• [EXTRACTED MATERIAL]:
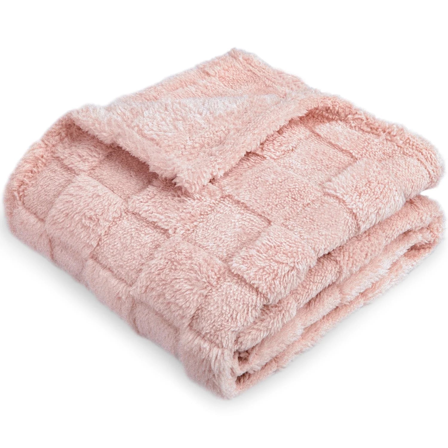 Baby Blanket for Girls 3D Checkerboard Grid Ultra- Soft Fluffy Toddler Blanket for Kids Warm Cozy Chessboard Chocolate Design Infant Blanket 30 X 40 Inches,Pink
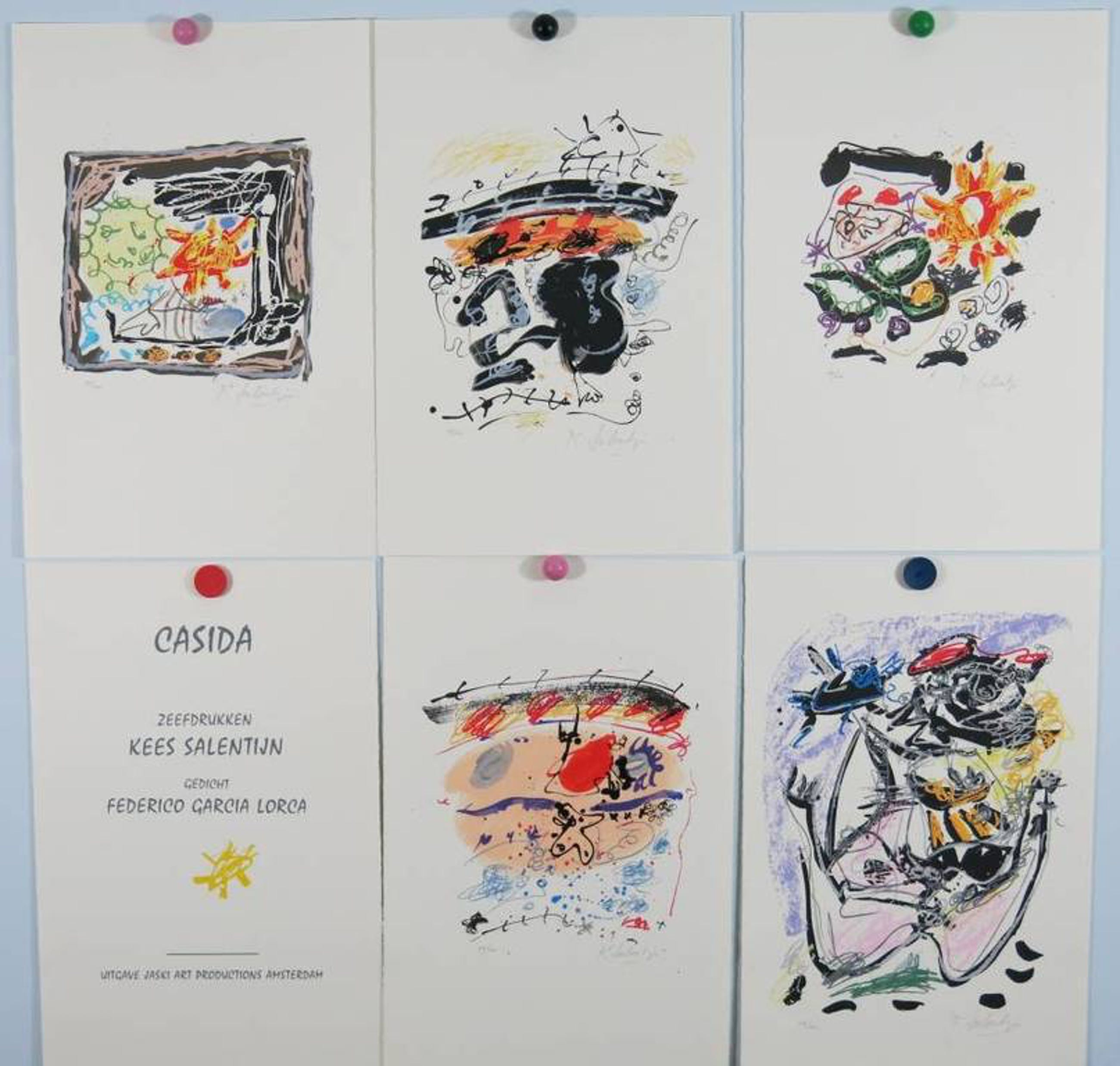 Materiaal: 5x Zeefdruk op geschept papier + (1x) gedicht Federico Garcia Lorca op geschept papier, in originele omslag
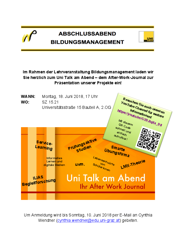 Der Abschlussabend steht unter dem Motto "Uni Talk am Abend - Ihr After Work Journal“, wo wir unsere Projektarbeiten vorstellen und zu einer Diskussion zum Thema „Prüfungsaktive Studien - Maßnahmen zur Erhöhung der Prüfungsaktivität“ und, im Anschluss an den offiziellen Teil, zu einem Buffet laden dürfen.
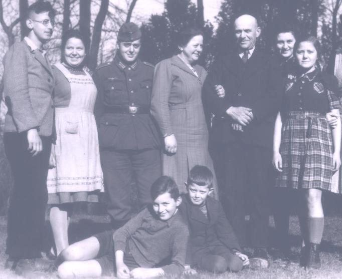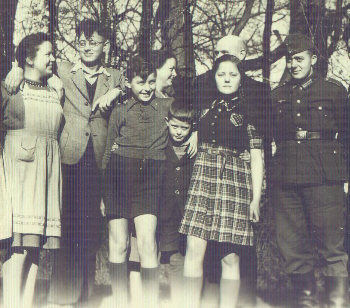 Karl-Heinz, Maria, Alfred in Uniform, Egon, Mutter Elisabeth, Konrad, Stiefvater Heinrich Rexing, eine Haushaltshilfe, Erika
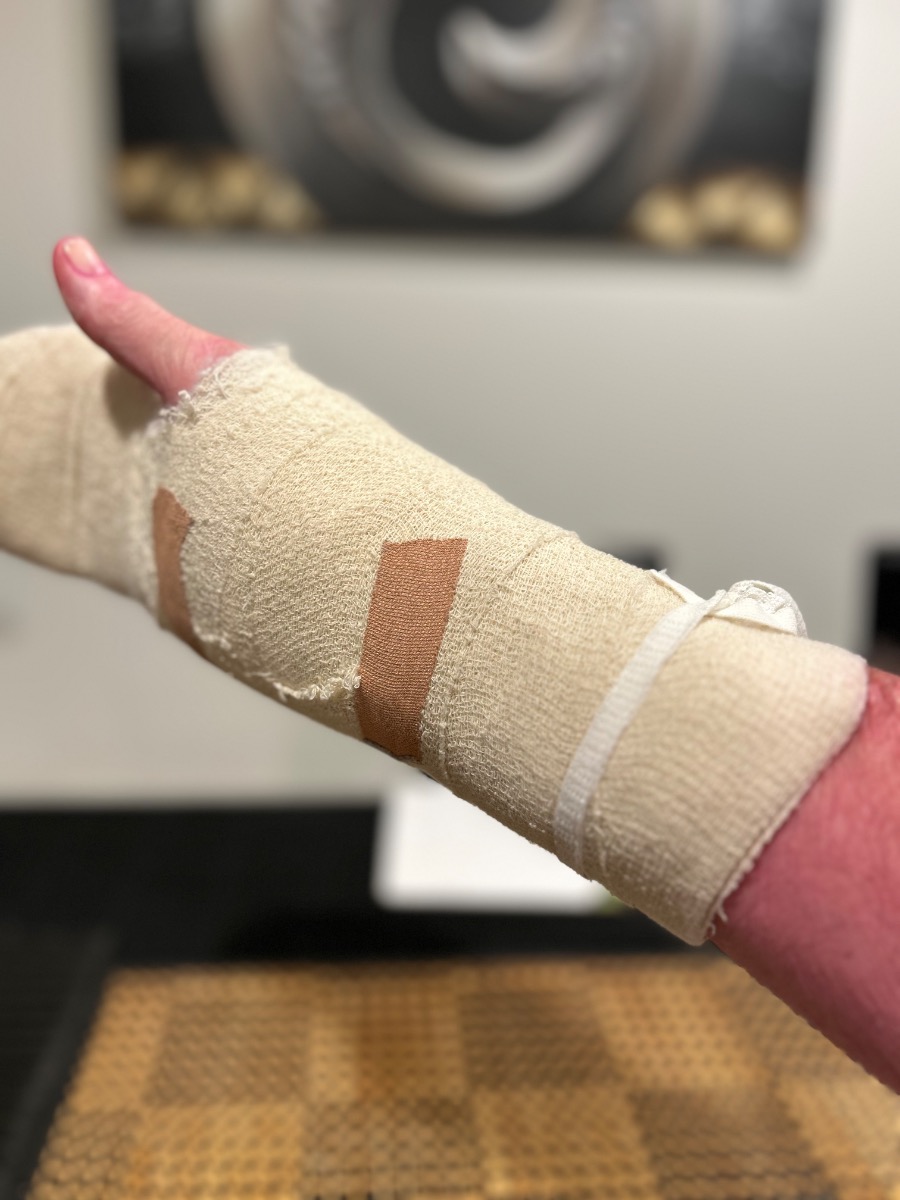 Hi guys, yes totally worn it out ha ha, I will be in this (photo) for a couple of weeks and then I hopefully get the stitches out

• [INSTRUCTIONS TO FOLLOW]: Lines wanted from the entries above: the one with "Der Abschlussabend steht", the one with "Karl-Heinz, Maria, Alfred", and all lines between. Please copy them exactly, without the pictures and without anything else.

• [TASK ANSWER]:
 Der Abschlussabend steht unter dem Motto "Uni Talk am Abend - Ihr After Work Journal“, wo wir unsere Projektarbeiten vorstellen und zu einer Diskussion zum Thema „Prüfungsaktive Studien - Maßnahmen zur Erhöhung der Prüfungsaktivität“ und, im Anschluss an den offiziellen Teil, zu einem Buffet laden dürfen.
 Karl-Heinz, Maria, Alfred in Uniform, Egon, Mutter Elisabeth, Konrad, Stiefvater Heinrich Rexing, eine Haushaltshilfe, Erika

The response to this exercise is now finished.